It probably will be, Raven thinks with another look at the grounder. He is definitely big, so space might be an issue, and his hands are probably trained with swords and knives, not screwdrivers and soldering rods and impossibly delicate materials, and it’s not like the grounders are famous for their use of technology. But Clarke has that determined look on her face that promises things will happen exactly the way she wants them to, and Raven doesn’t have the energy to put up with that today.

“He can stay if he’s quiet and doesn’t touch anything without my permission.”

She doesn’t look at the grounder as she says it, aware that she’s being rude but determined not to care.

“Thank you, Raven. You’re doing us all a huge favour.” Raven rolls her eyes at the statement, but Clarke smiles and briefly squeezes her arm and she hasn’t really been touched like that in a while, so she’s defenseless against the affirmative gesture and smiles right back.

Then Clarke is gone and she’s left alone in the room with a grounder who looks more than a little dangerous. She doesn’t know what the grounder equivalent to mechanics and engineers is, but she’s pretty sure this guy is not one. He has the kind of muscles that don’t come from sitting bent over a workbench all day, and if the rumours she’s heard about the Ice Nation’s facial scars indicating success in battle are true, this man is a deadly warrior, not a lowly worker. So what the hell is he doing here?
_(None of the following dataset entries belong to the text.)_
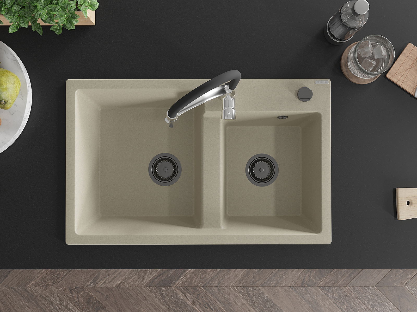 Mexen Tomas divpadsmitāria divdaļīgs granīta izlietne ar virtuves jaucējkrānu Aster, bēša - 6516-69-73450-07-B
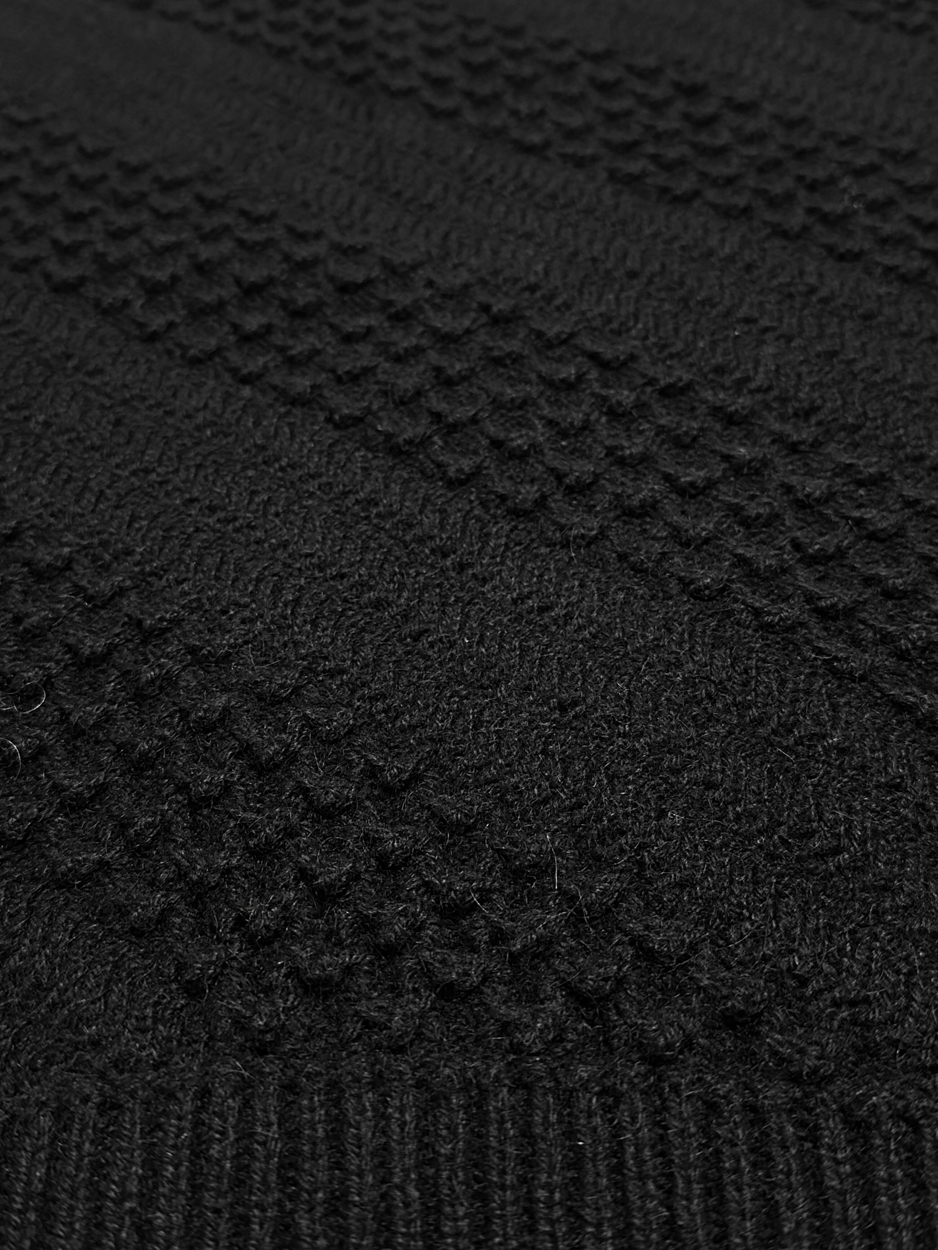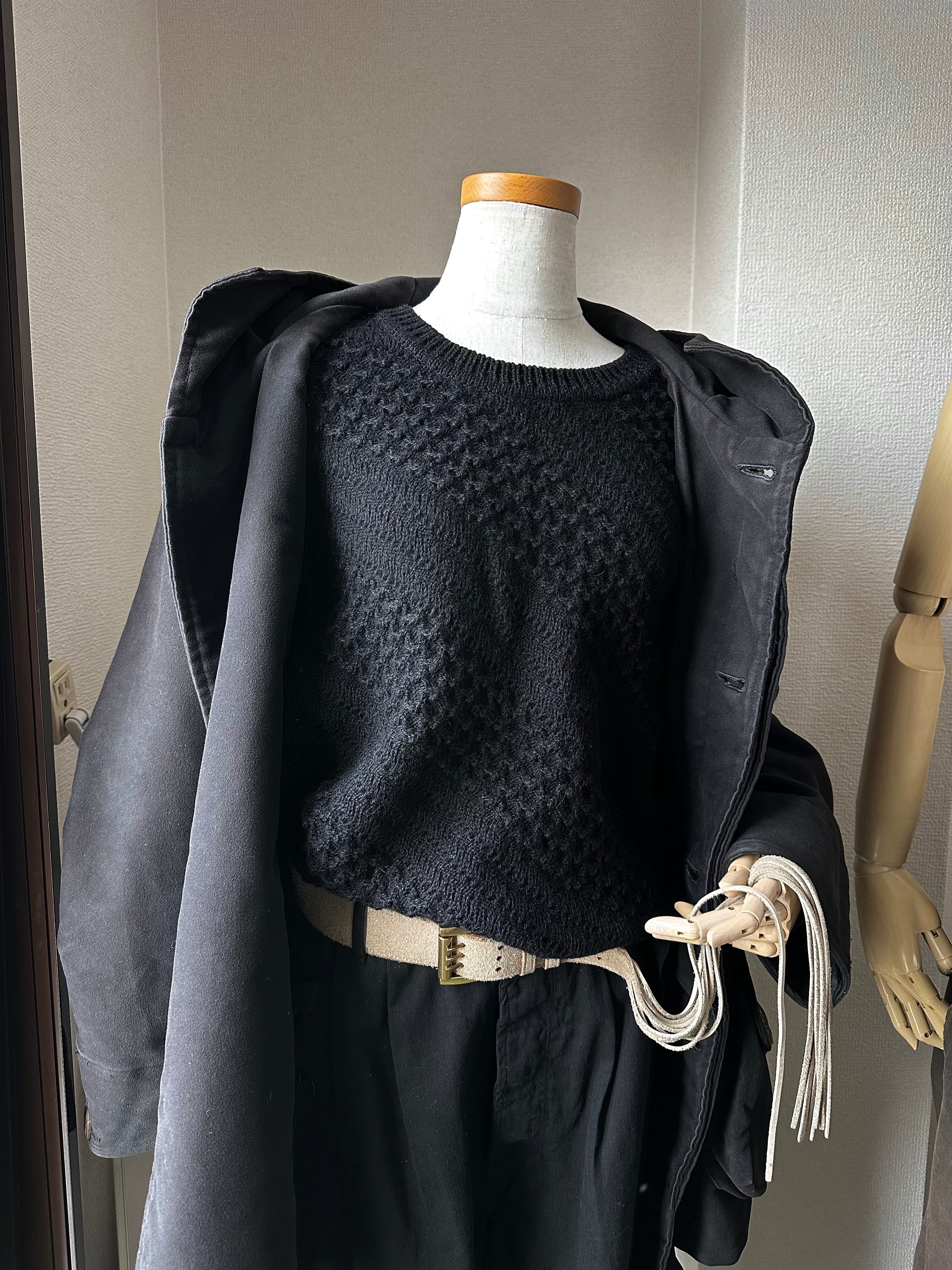 強い凹凸に富んだ立体的な編み地が巧みに混ぜられた、総編柄のブラックニット。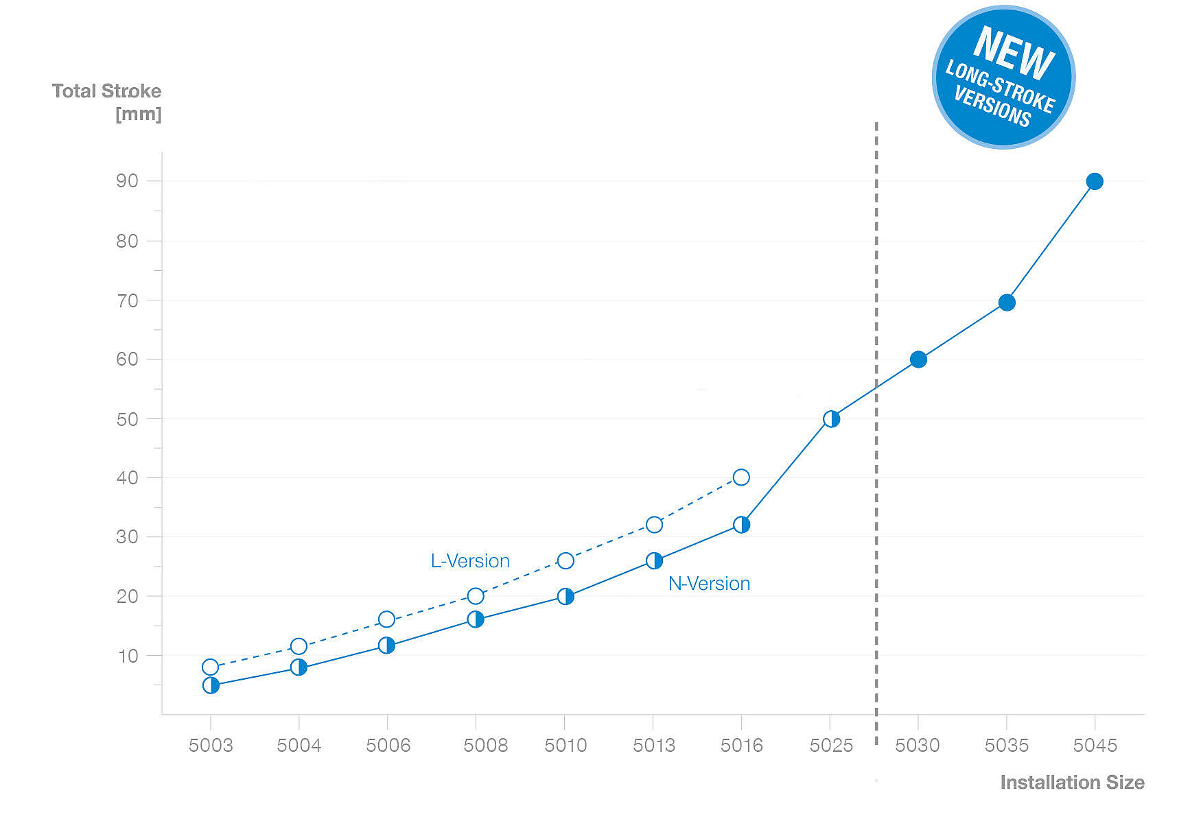 行程——在相同安装尺寸下,通过长行程 型号实现。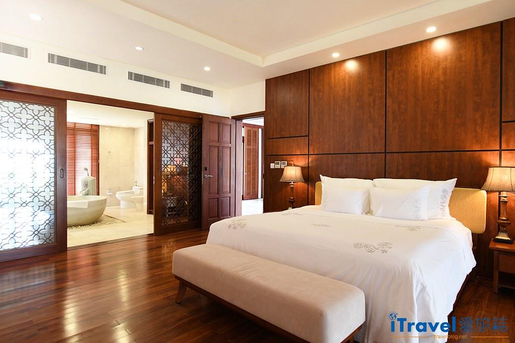 我們退房前到Furama Villas Danang參觀,那裡擁有55間私人別墅,往來之間以高爾夫球車服務房客,問導覽人員「有些別墅裝潢風格不太一樣?」,得知他們這些別墅也售出給私人使用,售出金額+每年維運費用不便宜,甚至還能為你裝潢成喜愛的風格。而別墅區這裡也有公共游泳池,自是只有少數一兩個家庭帶著孩子來玩,私人包場感覺好好阿!有興趣的讀者來這裡看看參觀時拍攝的照片吧!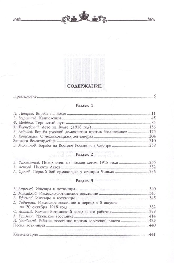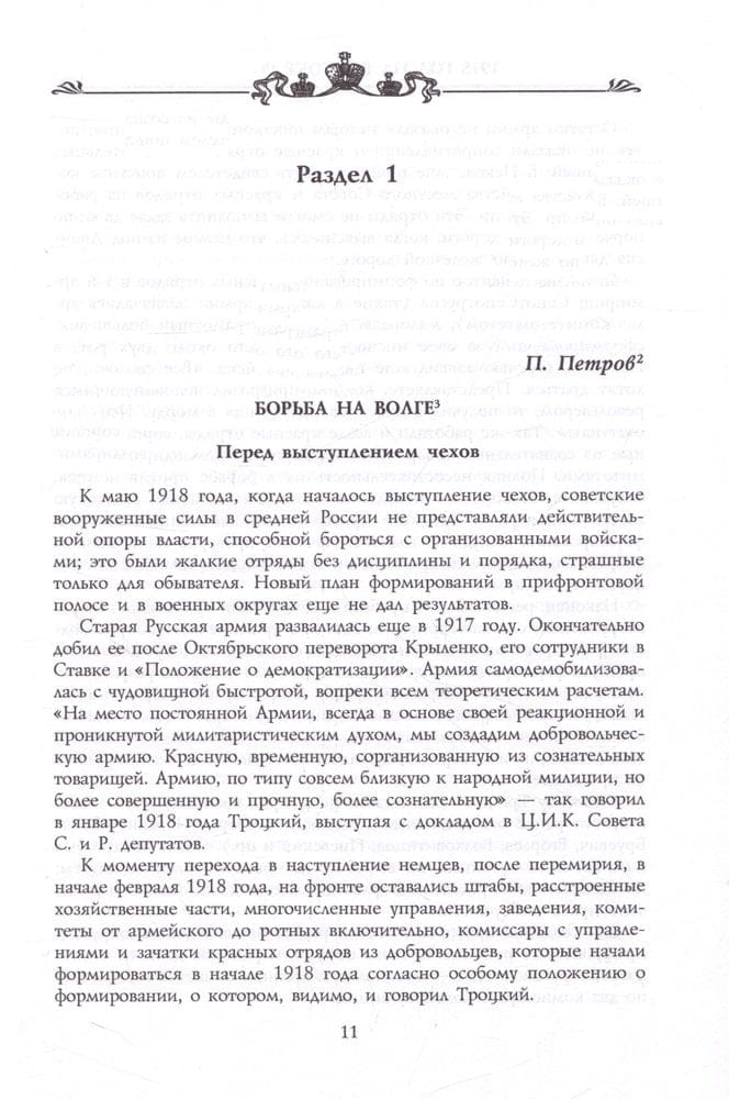 Боевые действия описываются на фоне политических акций Комуча, Уфимской Директории, Временного Сибирского правительства вплоть до вступления в верховное командование адмирала Колчака, то есть с мая по ноябрь 1918 г. Книга снабжена обширными и впервые публикуемыми комментариями, содержащими несколько сот неизвестных биографических справок об авторах и героях очерков.

Maybe he’s injured too, Raven thinks as she lets her eyes slide up and down his body measuringly, and she’s not sure if she likes the idea of not being quite so alone in her brokenness, or hates that they’re making her babysit him. But by the time her eyes have taken in all of him and reached his eyes again, she’s pretty sure he’s not injured in the least – he’s all lean, muscled strength, but his stance is relaxed and there’s no sight of the kind of lopsided posture she’s starting to develop from being in pain all the time.

And then there are his eyes. An opaque, glittering blue, they seem to be constantly narrowed in an almost wolfish manner, as if he was still deciding if she’s enemy or prey, and Raven would never admit it but she finds them unnerving.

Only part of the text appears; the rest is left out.